* [What you will do]
Where the records below begin, start copying, and stop after the line that contains "Magic black hair"; reproduce every line exactly but omit pictures.

+++ Listed records +++

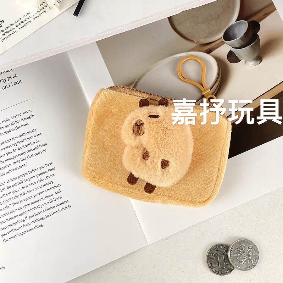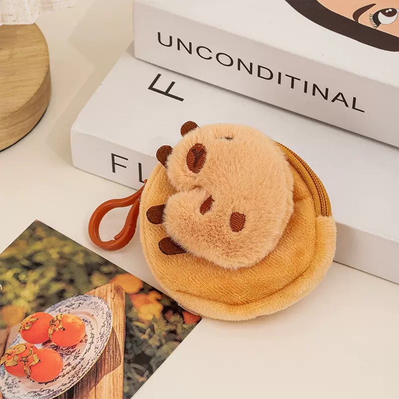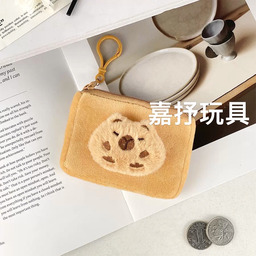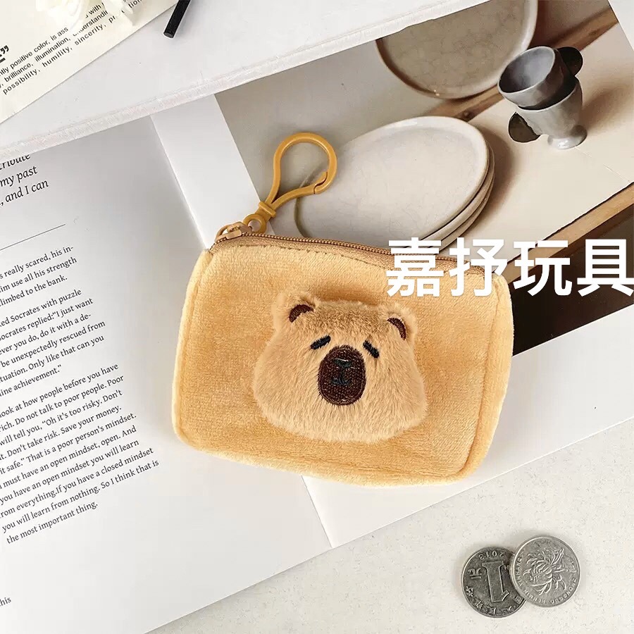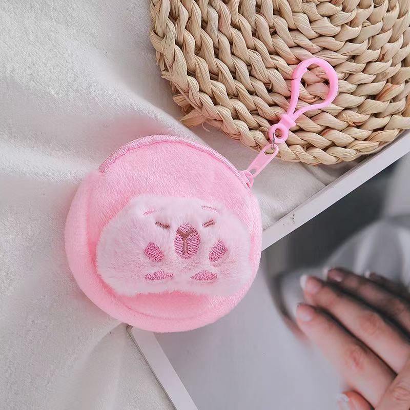 Xiaohongshu Kapibara 헤드폰 동전 지갑 귀여운 만화 플러시 동전 지갑 여성용 수납 키 가방스토어 가기
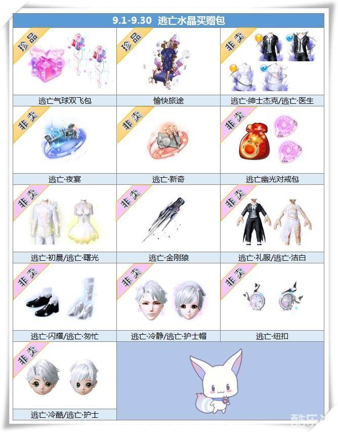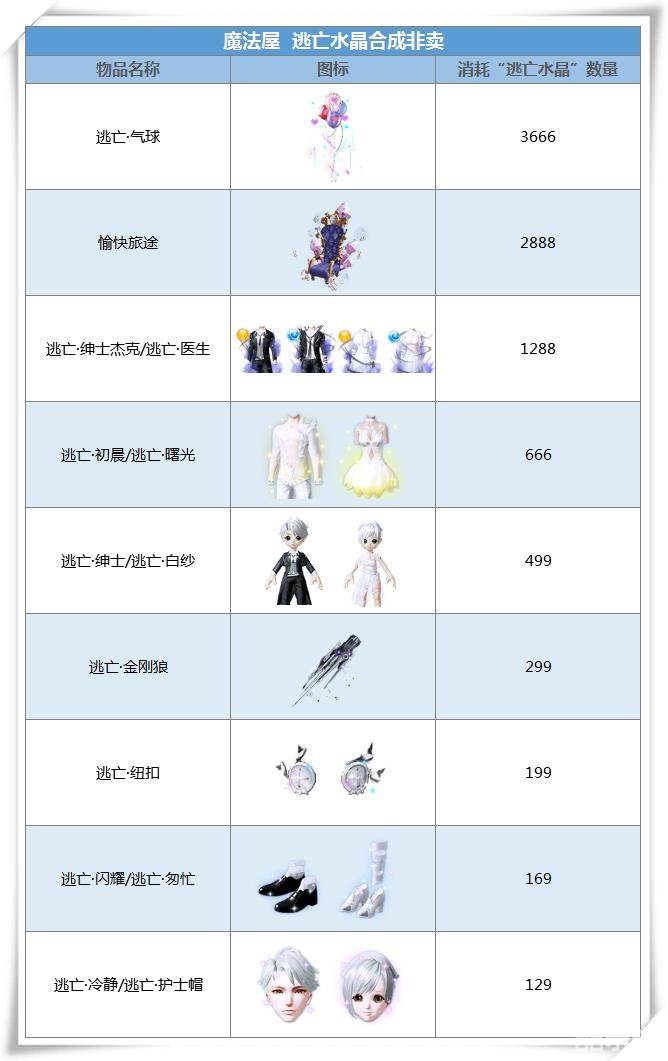 9.1起,逃亡水晶可在魔法屋合成!!不仅可以合成逃亡系列服饰,而且双飞浮云!!双人座椅!!双形态动作套!!也能合成哦!!抽不到,又想要,就去合成吧!!最低套装合成仅需666哦~~
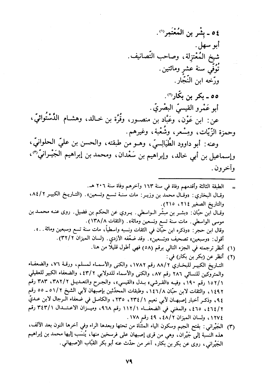 [ () ] الطبقة الثالثة وأقدمهم وفاة في سنة 163 وآخرهم وفاة سنة 206 هـ.
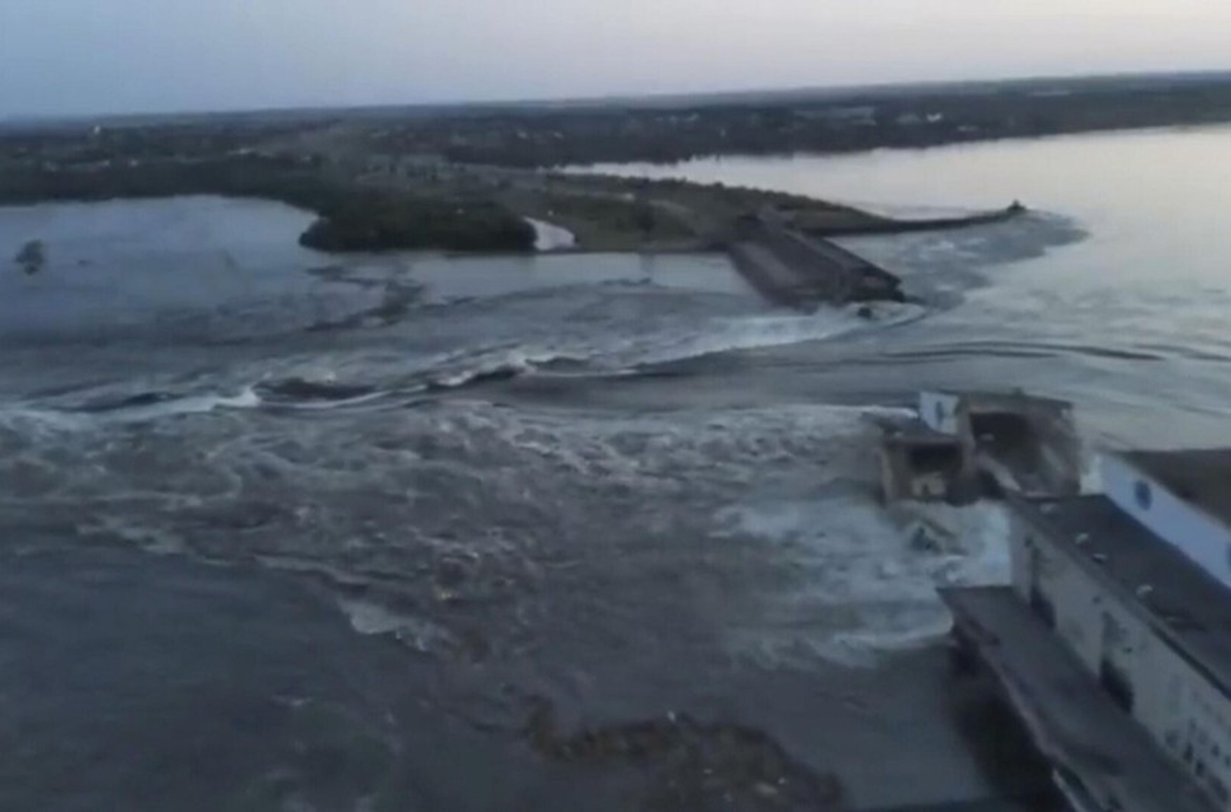 The dam went underwater a few hours after it broke, according to a video published on Telegram by pro-Russian military correspondent Yuri Kotenok:
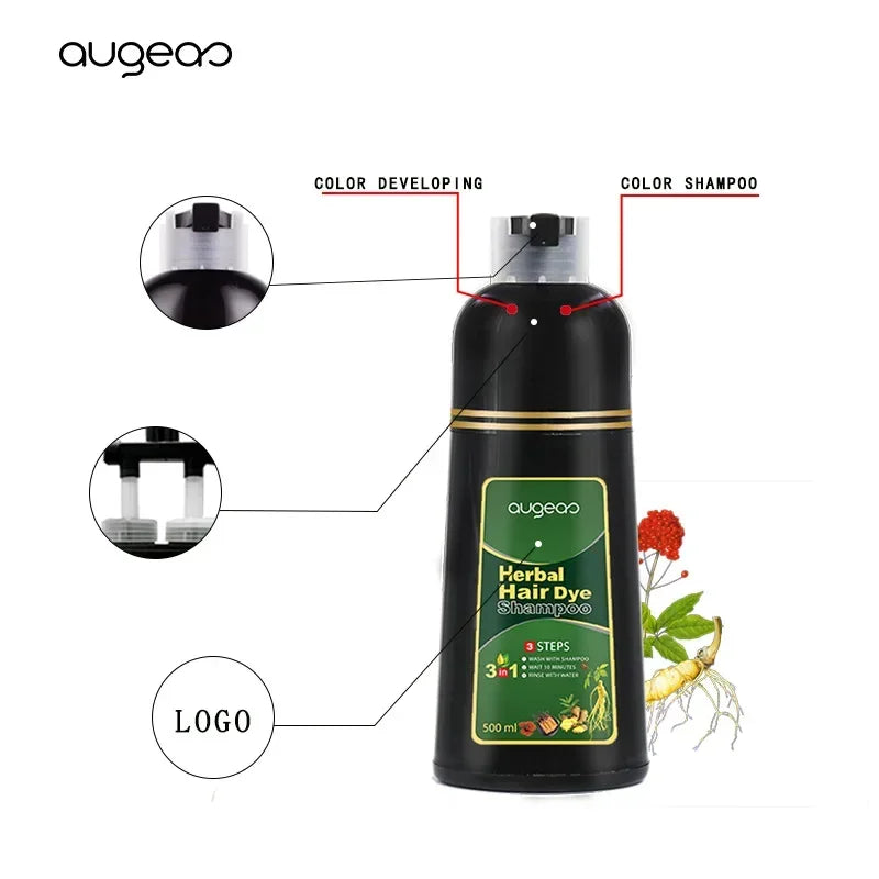 Magic black hair shampoo packed with 500ml plastic bottle ,easy for daily family using.Develop the traditional technology of natural black hair color dye,pure noni herbal essence help to improve the chemical ingredients damaged to the hair and skin.
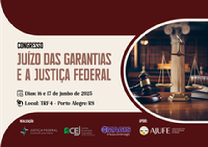 Estão abertas, até 2 de junho, as inscrições para o I Congresso Juízo das Garantias e a Justiça Federal, que acontecerá presencialmente em 16 e 17 de junho, na sede do Tribunal Regional Federal da 4ª Região (TRF4), em Porto Alegre (RS). O evento é uma realização do Centro de Estudos Judiciários do Conselho da Justiça Federal (CEJ/CJF), em parceria com a Escola de Magistrados e Servidores do TRF4 (Emagis), e conta com o apoio da Associação dos Juízes Federais (Ajufe). As inscrições podem ser feitas no formulário eletrônico disponível no Portal do CJF.
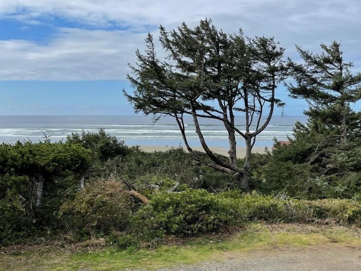 DOG FRIENDLY, WALK TO TOWN! This one-of-a kind A-frame sits on 8 miles of pristine beach. You can’t beat this oceanfront location! The charming cabin comes with a fully furnished kitchen and ocean view dining. The master bedroom is upstairs over the main room of the A-frame and has an ocean view and half bath. The main floor has a full bath, queen bed and a pull out Comfort Sleeper queen bed plus a cozy pellet stove! Relax on the large enclosed oceanfront deck and enjoy the amazing sunsets!
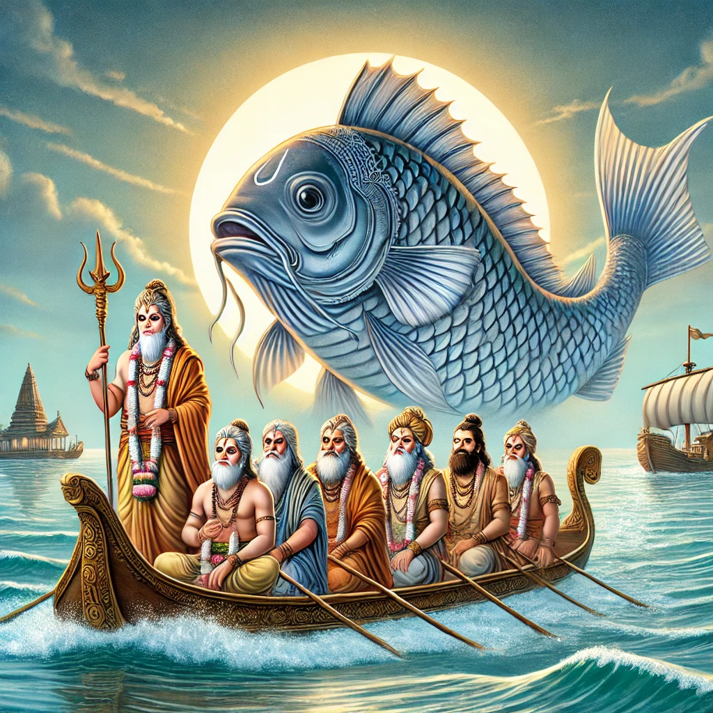 इसके बाद कुछ समय बीत जाने के बाद (प्रलय काल शुरू होने के 7 दिन पहले), एक दिन कृतमाला नदी में पितृ-तर्पण करते हुए महाराज मनु की हथेलीपर जलके साथ ही एक मछली आ गयी तब राजा उस मछली को वापस जल में डालने लगे तब बह छोटी सी मछली बहुत कातर भाव से मुनि से बोली- हे दीनवत्सल राजन् ! मैं छोटी सी मछली हूँ इस नदी की बड़ी मछलियाँ मुझे खा लेगी, मुझे बहुत डर लग रहा है। आप मेरी रक्षा कीजिये। मछली की इस प्रकार कातरोक्ति सुनकर राजा उसे अपने कमण्डलु में डालकर अपने आश्रम में ले आये। एक ही दिन रात में वह मत्स्यरूपसे सोलह अङ्गुल बड़ा हो गया और 'रक्षा कीजिये, रक्षा कीजिये' यों कहने लगा। तब राजाने उस जलचारी जीवको मिट्टीके एक बड़े घड़े में डाल दिया। वहाँ भी वह एक (ही) रातमें तीन हाथ बढ़ गया। पुनः उस मत्स्य ने सूर्यपुत्र मनु से आर्तवाणी में कहा- 'राजन् ! मैं आपकी शरणमें हूँ; मेरी रक्षा कीजिये, रक्षा कीजिये।' तदनन्तर उन सूर्य नन्दन (वैवस्वत मनु) ने उस मत्स्यको कुएँ में रख दिया, परंतु जब वह मत्स्य उस कुएँ में भी न आ सका, तब राजाने उसे सरोवरमें डाल दिया। वहाँ वह पुनः एक योजन बड़े आकार का हो गया और दीन होकर कहने लगा- 'नृपश्रेष्ठ! मेरी रक्षा कीजिये, रक्षा कीजिये। तत्पश्चात् मनुने उसे गङ्गा में छोड़ दिया। जब उसने वहाँ और भी विशाल रूप धारण कर लिया, तब भूपाल ने उसे समुद्रमें डाल दिया। जब उस मत्स्य ने सम्पूर्ण समुद्र को आच्छादित कर लिया, तब मनुने भयभीत होकर उससे पूछा-
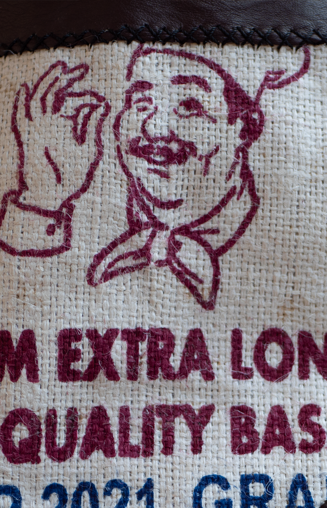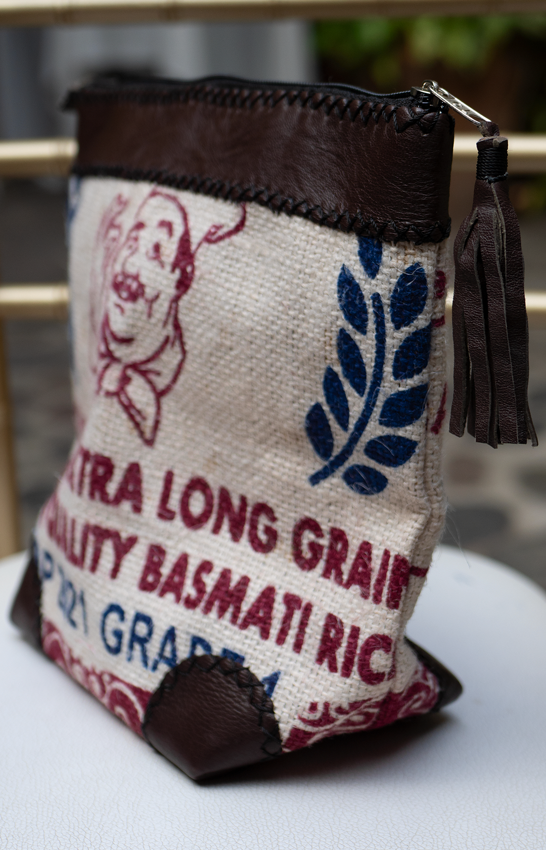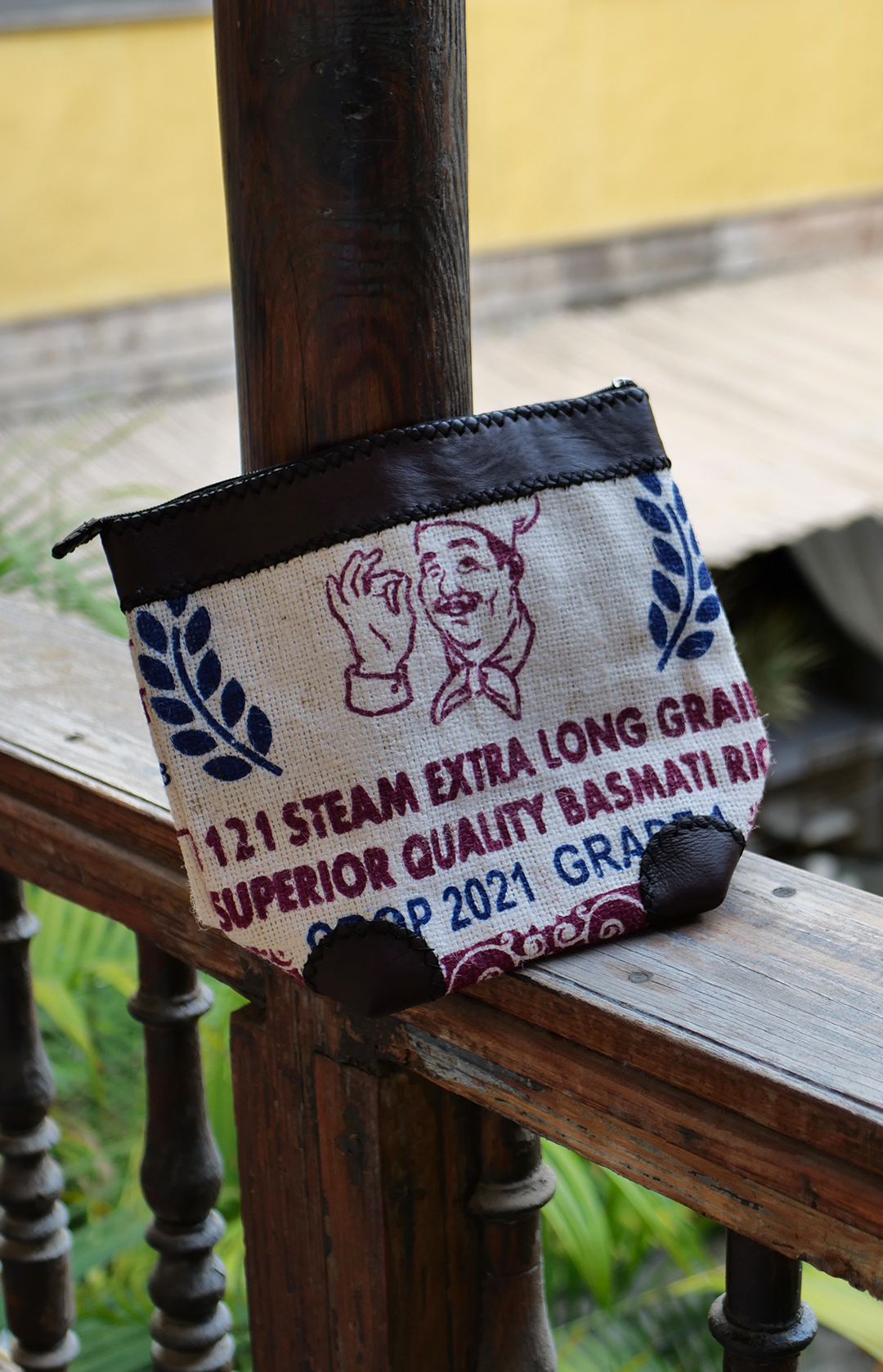 The KAHAWA pouch is crafted from raffia rice sacks and recycled leather, merging sustainability with artisanal heritage. Raffia is a natural fiber derived from the leaves of the raffia palm, traditionally used across Africa for weaving textiles and crafting durable, lightweight materials.
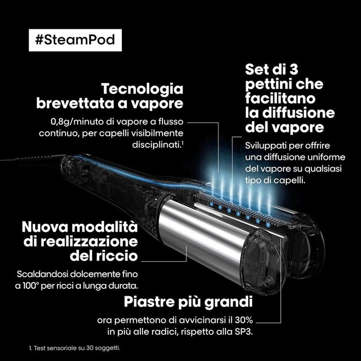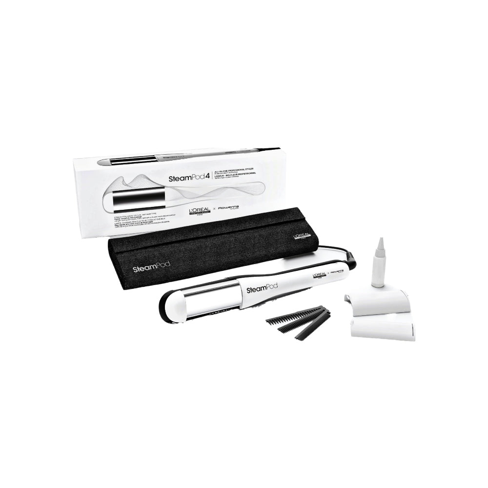 The new straightener that offers a multitude of looks for all hair types . L'Oreal's Steampod 4.0 Professional Steam Straightener lets you straighten, curl, or wave. An even more efficient, innovative, and ergonomic tool that ensures maximum respect for the hair fiber. The brand new steam hair straightener opens up a multitude of looks! Unlimited styling, suitable for all hair types! It combines innovation and professionalism, ensuring shine and softness to the hair fiber. It is even more advanced and ingenious, thanks to the new external heating plates and the new ergonomic design. It optimally respects the hair fiber, accelerating styling times for a transformation that is 3 times faster, 2 times more manageable, and with 95% less damage. Thanks to the external heating plates, with thinner and rounded ends, it offers more voluminous and better-defined curls. The plates are also wider than previous versions, allowing them to be positioned 30% closer to the roots, ensuring optimal and effortless straightening of the entire head of hair. This smart straightener features an automatic shut-off function that provides a certain level of safety in case you forget to turn it off. It turns off after 30 minutes of non-use. Its temperature ranges from 180° to 210°C, adapts to all hair types, and guarantees heat control 250 times per second to display a precise temperature on the device.
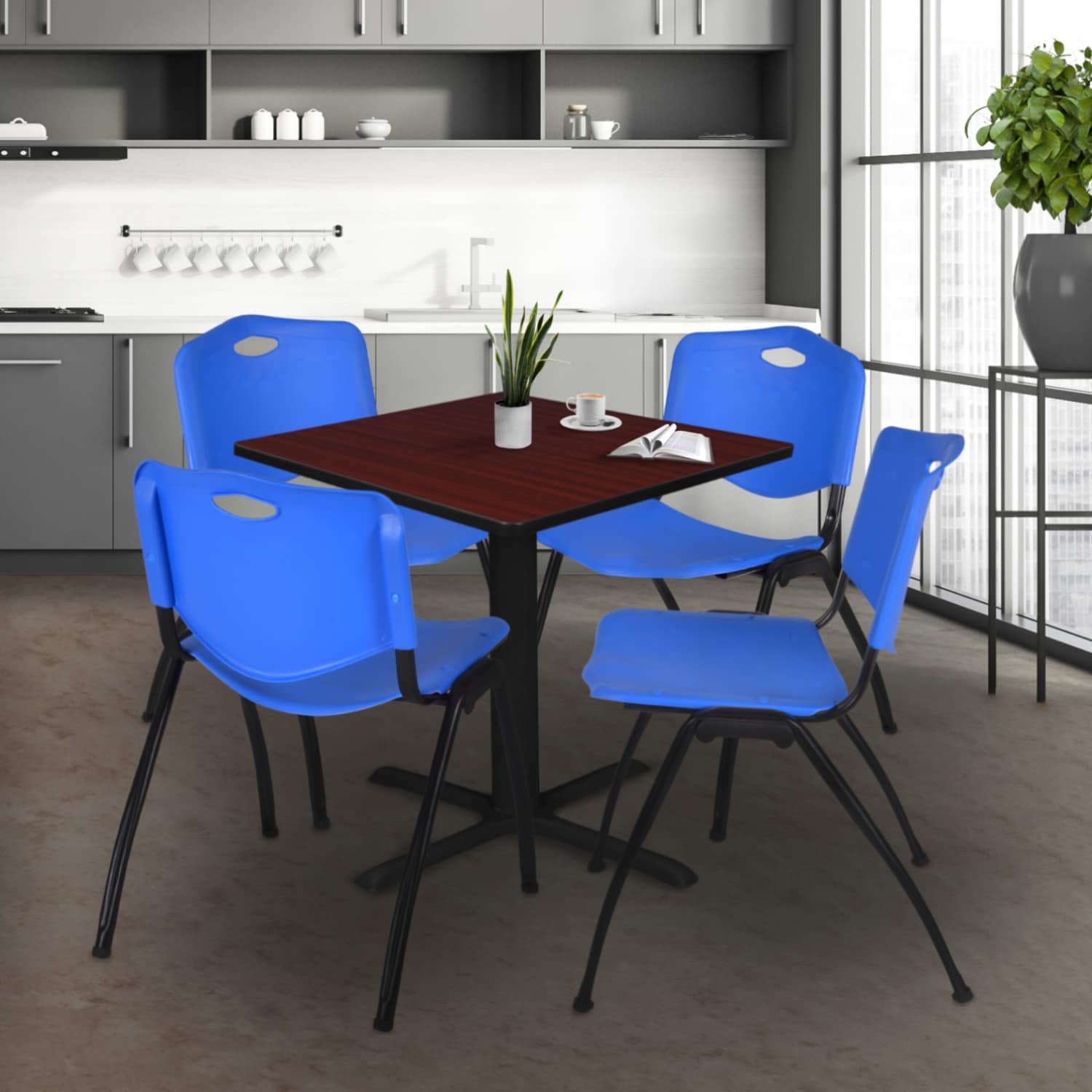 42" Square Breakroom Table- Mahogany & 4 'M' Stack Chairs- Black - Blue, Black, Mahogany - 42
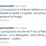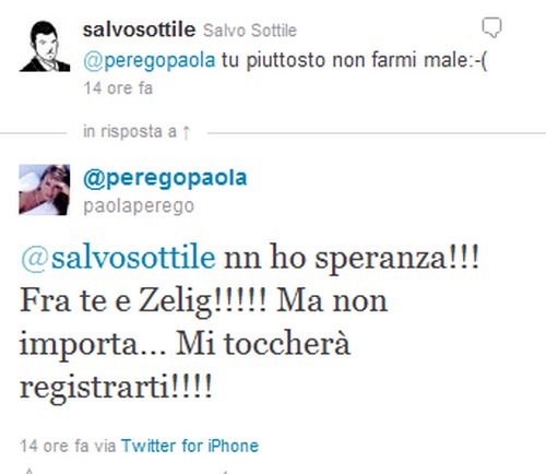 Il botta e risposta tra i due è proseguito, con la promessa della Perego di registrare Quarto grado (dite alla signora Presta che esiste VideoMediaset) e con la risposta altrettanto gentile di Sottile, il quale si definisce “l’ultimo dei problemi” per gli ascolti dello show di Raiuno (in effetti Zelig fa più paura):

+++

* [Answer below]
 Xiaohongshu Kapibara 헤드폰 동전 지갑 귀여운 만화 플러시 동전 지갑 여성용 수납 키 가방스토어 가기
 9.1起,逃亡水晶可在魔法屋合成!!不仅可以合成逃亡系列服饰,而且双飞浮云!!双人座椅!!双形态动作套!!也能合成哦!!抽不到,又想要,就去合成吧!!最低套装合成仅需666哦~~
 [ () ] الطبقة الثالثة وأقدمهم وفاة في سنة 163 وآخرهم وفاة سنة 206 هـ.
 The dam went underwater a few hours after it broke, according to a video published on Telegram by pro-Russian military correspondent Yuri Kotenok:
 Magic black hair shampoo packed with 500ml plastic bottle ,easy for daily family using.Develop the traditional technology of natural black hair color dye,pure noni herbal essence help to improve the chemical ingredients damaged to the hair and skin.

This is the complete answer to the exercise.